Someone might write code like this:

if(score < 60){
    cout<<"fail,"<<endl;
}else if(score < 70){
    cout<<"pass"<<endl;
}else if(score < 80){
    cout<<"secondary"<<endl;
}else if(score < 90){
    cout<<"good"<<endl;
}else{
    cout<<"excellent"<<endl;
}

It's really no problem to write this, but it's not necessarily the number of judgments.

For example, the results of this class obey the normal distribution, and the probabilities of the five grades are
10 % , 20 % , 40 % , 20 % , 10 % 10\%,20\%,40\%,20\%,10\% 10%,20%,40%,20%,10%

Let's calculate. We need to judge:
100 × 10 % × 1 + 100 × 20 % × 2 + 100 × 40 % × 3 + 100 × 20 % × 4 + 100 × 10 % × 5 = 300 second one hundred × 10\% × 1 + 100 × 20\% × 2 + 100 × 40\% × 3 + 100 × 20\% × 4 +100 × 10\% × 5 = 300 times one hundred × 10% × 1+100 × 20% × 2+100 × 40% × 3+100 × 20% × 4+100 × 10% × 5 = 300 times

When we first judge the group with the greatest probability:

if(score < 80){
  	if(score < 70){
    	if(score < 60){
	      	cout<<"fail,"<<endl;
        }else{
            cout<<"pass"<<endl;
        }
    }else{
        cout<<"secondary"<<endl;
    }
}else if(score < 90){
    cout<<"good"<<endl;
}else{
    cout<<"excellent"<<endl;
}

Let's calculate. We need to judge:
100 × 40 % × 2 + 100 × 20 % × 2 + 100 × 10 % × 2 + 100 × 20 % × 3 + 100 × 10 % × 3 = 230 second one hundred × 40\% × 2 + 100 × 20\% × 2 + 100 × 10\% × 2 + 100 × 20\% × 3 + 100 × 10\% × 3 = 230 times one hundred × 40% × 2+100 × 20% × 2+100 × 10% × 2+100 × 20% × 3+100 × 10% × 3 = 230 times

2). Huffman coding

In 1952, mathematician D.A.Huffman proposed the best coding method of using the frequency of characters in the file (0, 1 string) to represent each character, which is called Huffman coding.

Huffman coding solves the above problems well and is widely used in data compression, especially in long-distance communication and high-capacity data storage. The commonly used JPEG pictures are compressed by Huffman coding.

The basic idea of Huffman coding is to construct a Huffman tree with the use frequency of characters as the weight, and then use the Huffman tree to encode characters.

The core idea of Huffman coding is to make the leaf with large weight closest to the root.

Huffman tree algorithm steps

(you can look at the diagram directly)

Huffman tree is constructed by taking the character to be encoded as the leaf node, taking the frequency of the character in the file as the weight of the leaf node, and doing n-1 "merging" operations from bottom to top.

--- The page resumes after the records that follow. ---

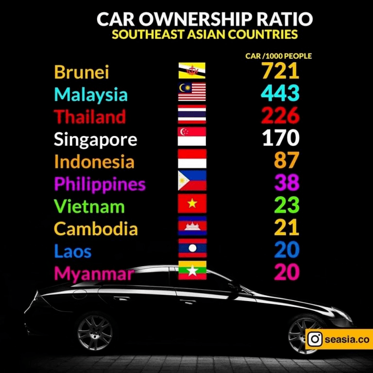 因此,新加坡在东南亚地区的拥车率也不是很高了,每一千人只有170辆辆汽车,远远低于邻国马来西亚的443辆。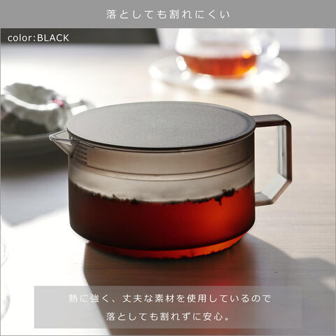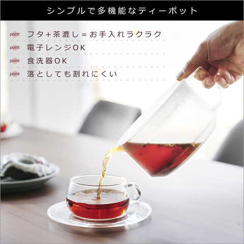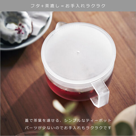 ・蓋で茶葉を濾せるシンプルなティーポット ・蓋とティーストレーナーが一体になっているのでパーツが少なくお手入れが簡単 ・熱に強く、丈夫なコポリエステル樹脂を使用 ・電子レンジ使用可 ・食洗機対応 |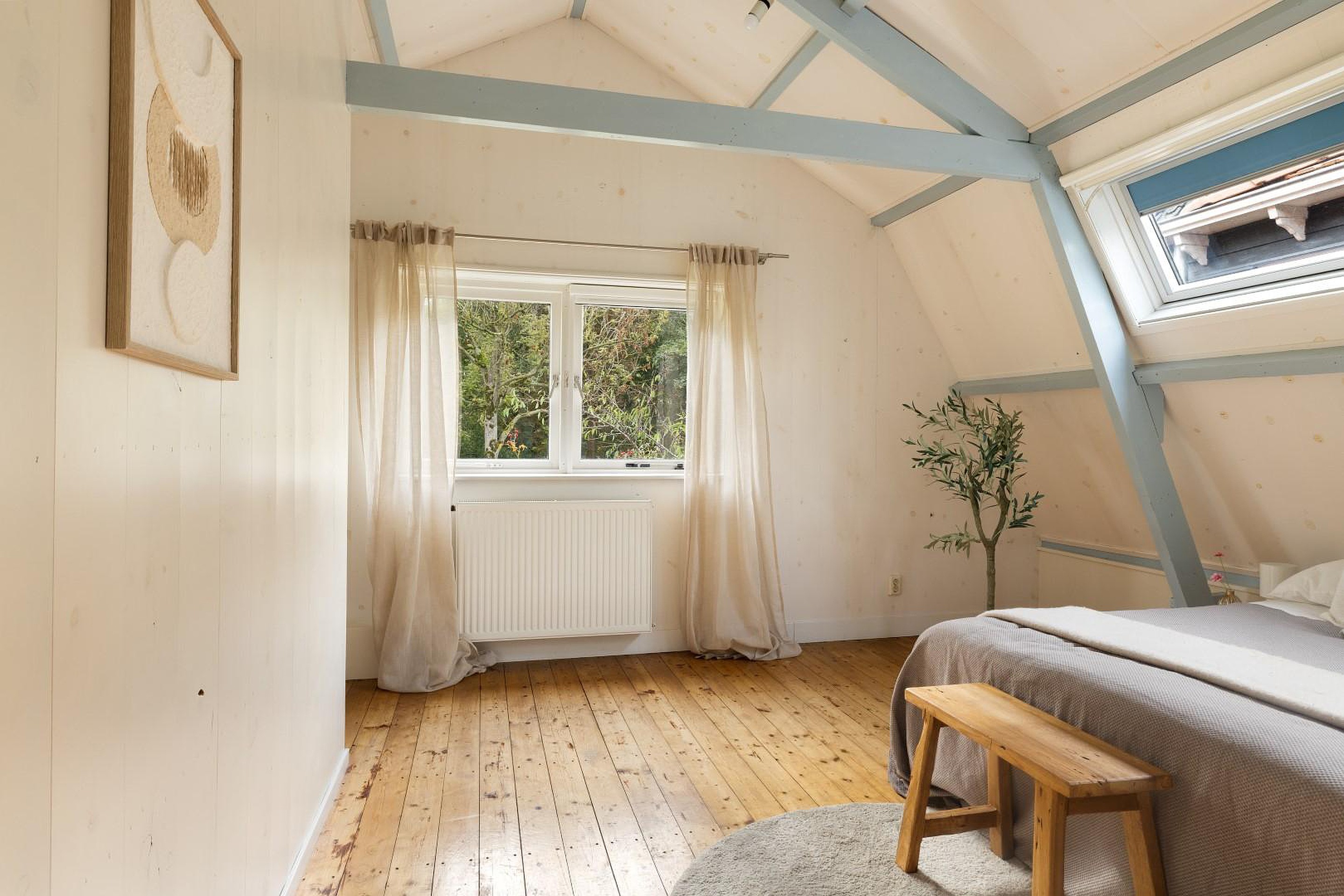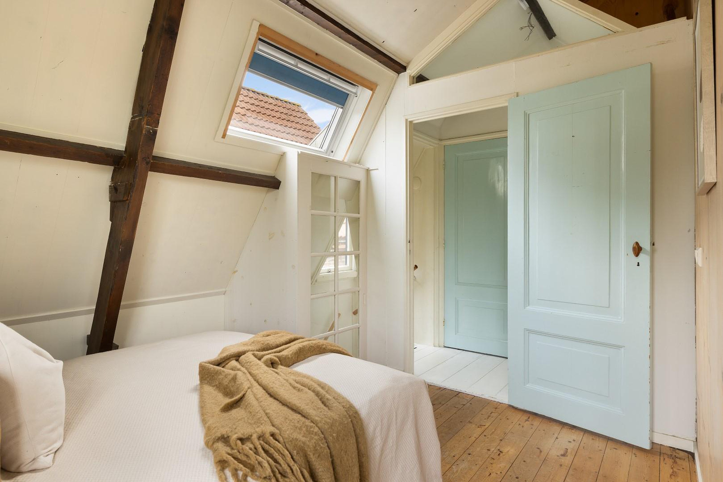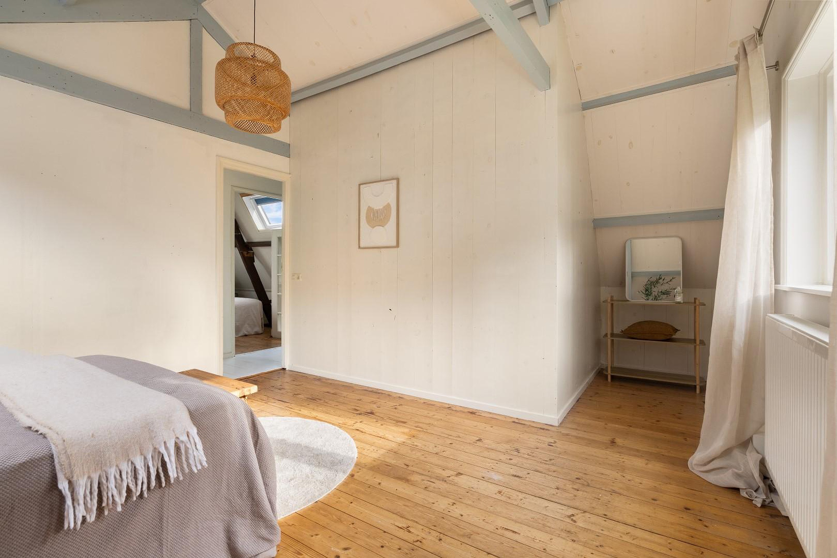 Via de trap bereikt u de overloop op de eerste verdieping. Hier bevinden zich nog drie ruime slaapkamers, elk met een speelse indeling en fraaie zichtbare balken tot in de nok (nokhoogte ca. 3.35 m).

The greedy strategy adopted by Huffman algorithm is to take two trees without parents and with the smallest weight from the set of trees as the left and right subtrees each time, build a new tree, the weight of the root node of the new tree is the sum of the weight of its left and right child nodes, and insert the new tree into the combination of trees.

  1. Determine the appropriate data structure: the following situations should be considered before writing the program.

There is no node with degree 1 in Huffman tree, that is, a Huffman tree with N0 leaf nodes has 2n0 - 1 nodes.

After constructing Huffman tree, in order to find Huffman coding, we need to start from leaf node and have a path from leaf to root.

Decoding needs to start from the root and take a path from the root to the leaf. Then for each reception, you need to know the weight of each node, parents, left children, right children and node information.

  1. Initialization: build a single node tree set with n nodes of n characters, T = {t1, t2,..., tn}. Each tree has only one weighted root node, and the weight is the frequency of use of the character.

  2. If there is only one tree left in T, the Huffman tree is successfully constructed and skip to step 6. Otherwise, take out the two trees ti and tj with no parents and the smallest weight from the set t, and merge them into a new tree zk. The left child of the new tree is ti, the right child is tj, and the weight of zk is the sum of the weights of ti and tj.

  3. Delete ti and tj from set T and add zk.

  4. Repeat steps 3 and 4.

  5. It is agreed that the code on the left branch is "0" and the code on the right branch is "1".

The Huffman code of each character is inversely obtained from the leaf node to the root node, then the string composed of characters on the path from the root node to the leaf node is the Huffman code of the leaf node, and the algorithm ends.

Huffman tree diagram

Construct a Huffman tree with the following characters and their frequencies to get their Huffman codes.

For the convenience of storage, we have expanded their frequency by 100 times.
a : 5 , b : 32 , c : 18 , d : 7 , e : 25 , f : 13 a:5 ,b:32,c:18,d:7,e:25,f:13 a:5,b:32,c:18,d:7,e:25,f:13

  1. Initialization: build a single node tree set with n nodes and n characters. T = {a, b, c, d, e, f}.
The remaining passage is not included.